O início da década de 1970 foi marcado por uma ampla retrospectiva de Henri Cartier-Bresson com cerca de 150 trabalhos, fruto da iniciativa de Walter Zanini, então diretor do Museu de Arte Contemporânea da Universidade de São Paulo (MAC USP). Outro marco foi a retrospectiva Ansel Adams, fotógrafo e ambientalista estadunidense, considerado um dos mais influentes na fotografia de paisagem, que teve seus 70 anos de vida e 50 anos de carreira celebrados no MAM Rio. A imagem fotográfica também integrou diversos projetos da Área Experimental (1975–1978) e a partir da década de 1980, as produções fotográficas retornaram ao circuito do museu com uma exposição de 50 imagens de Eugène Atget, pertencentes à coleção MoMA, com patrocínio do Jornal do Brasil. No mesmo período, Hugo Denizart apresentou uma série de registros cotidianos capturados na Cidade de Deus, e Walter Firmo realizou uma exposição celebrando seus 25 anos de trajetória profissional. Exposições dedicadas à fotografia continuam ocupando as galerias do museu até o presente. 

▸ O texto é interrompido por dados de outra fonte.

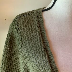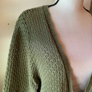 •Pretty cardigan is green with detailed eyelet-like pattern

[1] José Medeiros, Fotografia no Brasil, Curadoria Rubens Fernandes Junior, São Paulo: Instituto Itaú Cultural; Rio de Janeiro: Museu de Arte Moderna do Rio de Janeiro, 1997.

[2] Pedro Vasquez, “Projeto para o Departamento Fotográfico do Museu de Arte Moderna do Rio de Janeiro”, s.d. 

[3] Marcia Mello, “Relatório de atividades do Departamento de fotografia, vídeo e novas tecnologias”, 1992.

[4] Pedro Vasquez, “Departamento de fotografia, vídeo e novas tecnologias do MAM/RJ”, Anais do Museu Histórico Nacional, v. 32, 2000, pp. 1–21.

[5] Pedro Vasquez, “Aspectos da fotografia brasileira no século 19”, VI Semana Nacional de Fotografia, ago. 1986. 

[6] Pedro Vasquez, “Projeto expositivo Espelho rebelde”, Mês da Fotografia em Paris, 1986.